Not everything I do needs to challenge me, needs to be like scaling El Capitan without ropes. Where does that all end, and at what end is one hoping to arrive? Maybe arriving isn’t the point? Frankly, this mindset exhausts me and I fight it like antibodies fight pathogens in the bloodstream. I resent the pressure and the expectations of having to find another mountain to climb.

Which all probably makes me sound like a stick in the mud. 

I’m all for being curious and learning things, and traveling to places I’ve never been. I’m not against being proactive or aspiring to some level of accomplishment, and I realize that being human inherently involves a certain level of risk. Facing our fears and all that…  It’s just that life presents its share of opportunities for growth without forcing the issue. It often comes down to what we do when they come along. Whether we say yes or no to them. 

I don’t think getting vaccinated for Covid-19 rises to the level of an accomplishment, something for which we need to be rewarded. In some ways, it’s an unremarkable thing, from the perspective of the recipient. What’s much more remarkable is the vaccine’s availability in the first place. And our reward is avoidance of getting really sick, or not dying.

Being vaccinated means that the virus is stopped in its tracks when it encounters me or anyone else who has been vaccinated. In a small way, I’m doing my part to bring this scourge to its grisly end.

Of course there is a certain level of risk involved! Of course we don’t know for sure what’s going to happen 10 years down the road! However, vaccine testing and analysis done up to the point of approval and since then has confirmed not only their efficacy—their effectiveness against the virus and many of its variants—but also that they are, by and large, safe for the vast majority of us.

Our lives are inextricably linked to one another. Situations come along where we all benefit from swimming in the same direction. The current poisonous political climate and related abuse of social media have made this difficult to do, and we have suffered immensely as a result.

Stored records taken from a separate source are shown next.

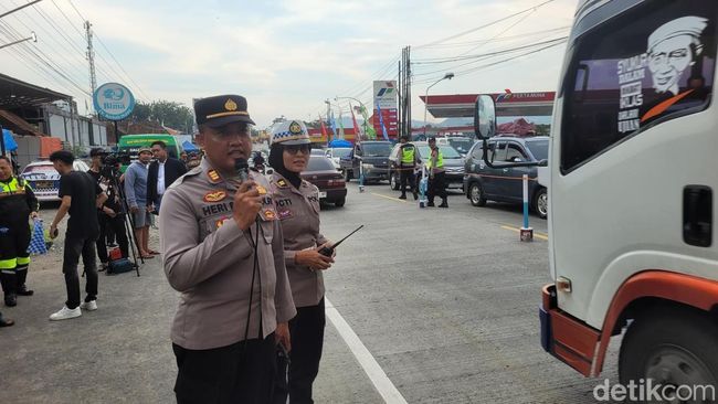 "Tempel, tempel, tempel. Silakan tetap bergerak, tambah kecepatan apabila jarak kendaraan terlalu panjang. Tetap bergerak roda berputar. Hati-hati jangan lupa nyalakan lampu utama kendaraan anda. Sepeda motor silakan bergerak dengan menggunakan lajur di sebelah kiri," seru Kasub Satgas Rekayasa Operasi Ketupat Candi Polresta Banyumas, Iptu Octi Widiyasih, Minggu (6/4/2025).
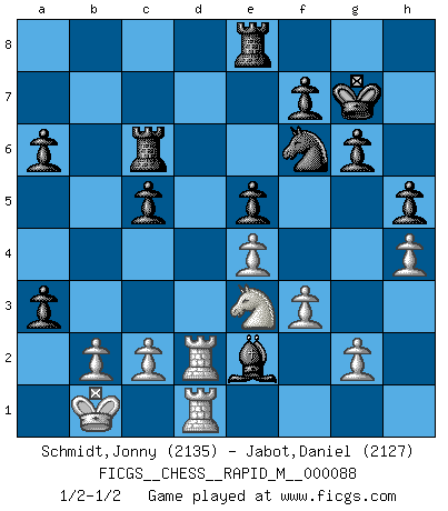 Last move : 1/2-1/2 2017 September 11 15:6:40 [Event "FICGS__CHESS__RAPID_M__000088"] [Site "FICGS"] [Date "2017.07.05"] [Round "1"] [White "Schmidt,Jonny"] [Black "Jabot,Daniel"] [Result "1/2-1/2"] [WhiteElo "2135"] [BlackElo "2127"] 1.e4 c5 2.Nc3 Nc6 3.Nge2 g6 4.d4 cxd4 5.Nxd4 Bg7 6.Be3 Nf6 7.Bc4 O-O 8.Bb3 d6 9.f3 Bd7 10.h4 h5 11.Qd2 Rc8 12.O-O-O Ne5 13.Bh6 Nc4 14.Bxc4 Rxc4 15.Bxg7 Kxg7 16.Qd3 Rc8 17.Kb1 Qa5 18.Rhe1 a6 19.a3 Rfe8 20.Qd2 Rc4 21.Qe3 e5 22.Nde2 Rc6 23.Rd3 Be6 24.Red1 Qc5 25.Qxc5 dxc5 26.Ng3 b5 27.Nf1 b4 28.Ne2 Bc4 29.R3d2 bxa3 30.Ne3 Bxe2 1/2-1/2 Sicilian : chameleon variation Kingside Castling by player Black (move 7) Queenside Castling by player White (move 12) This chess game ended in a draw. Follow this game move after move (download)You know, comrade Pachman, I don't enjoy being a Minister, I would rather play Chess like you. (Che Guevara) Das Zentrum ist der Balkan des Schachbretts - Kriegshandlungen können in jedem Moment ausbrechen. (Aaron Nimzowitsch) Debes de llevar a tu oponente hacia un profundo y obscuro bosque donde 2+2=5, y el camino que conduce a la salida es suficientemente ancho para solamente uno. (Mikhail Tal) Il s'avisa de me proposer d'apprendre les échecs qu'il jouait un peu... me voilà forcené des échecs. J'achète un échiquier, je m'enferme dans ma chambre, j'y passe des jours et des nuits à vouloir apprendre par cur toutes les parties. (Jean-Jacques Rousseau, Confessions) Watch your thoughts; they become words. Watch your words; they become actions. Watch your actions; they become habits. Watch your habits; they become character. Watch your character; it becomes your destiny. (Frank Outlaw)
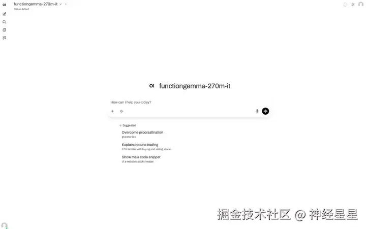 FunctionGemma-270m-it 是由 Google DeepMind 发布的轻量级专用函数调用模型,参数量为 2.7 亿。该模型基于 Gemma 3 270M 架构构建,并采用与 Gemini 系列相同的研究技术进行训练。此模型专为函数调用场景设计,使用了截至 2024 年 8 月共计 6T token 的训练数据,涵盖公共工具定义及工具使用交互数据。FunctionGemma 支持最大 32K token 的上下文长度,并经过了严格的内容安全过滤及负责任的人工智能开发流程。

I hesitate to describe getting vaccinated as an obligation we all have. I realize that some folks, for medical reasons, are hesitant or cannot receive the shot(s). But if the excuse is born of misinformation or stubbornness, or a misplaced sense of invincibility or patriotism, then let’s hope that our unvaccinated neighbors and friends and family will have an epiphany and see the light.

Echoing an old story, we have been sent a helicopter to rescue us from the flood waters. In the form of vaccines.                            

Sometimes The Glass Is Half Empty

We are not capable of acting with civility and altruism except in short bursts. Our default mode is self-preservation, looking out for ourselves and those closest to us. This, it seems to me, is why the Christian baptismal calling, or most any religious calling, is so foreign, so hard. It forces us to turn to God for help, who is or isn’t really here.

There. I said it. It doesn’t feel good to say it. It feels risky and dangerous, traitorous, faithless, sinful, wrong. Heartbreaking. But it is honest. The thing about belief in God is that no one can say God exists with anything approaching full confidence. Such a statement is always tinged with a mix of doubt and hope, but not unshakeable confidence. It is a faith statement, after all.

I’ve never understood how some people can claim unwaveringly that God exists. I’ve never been impressed or moved by this. More often the feeling is closer to suspicion, or sympathy. How can anyone be so (gullible, naive) … sure?

Out With It

I wonder what gave Mother Teresa pause, what fed her discouragement and doubt in her periods of waning faith. I guess I should read up on that.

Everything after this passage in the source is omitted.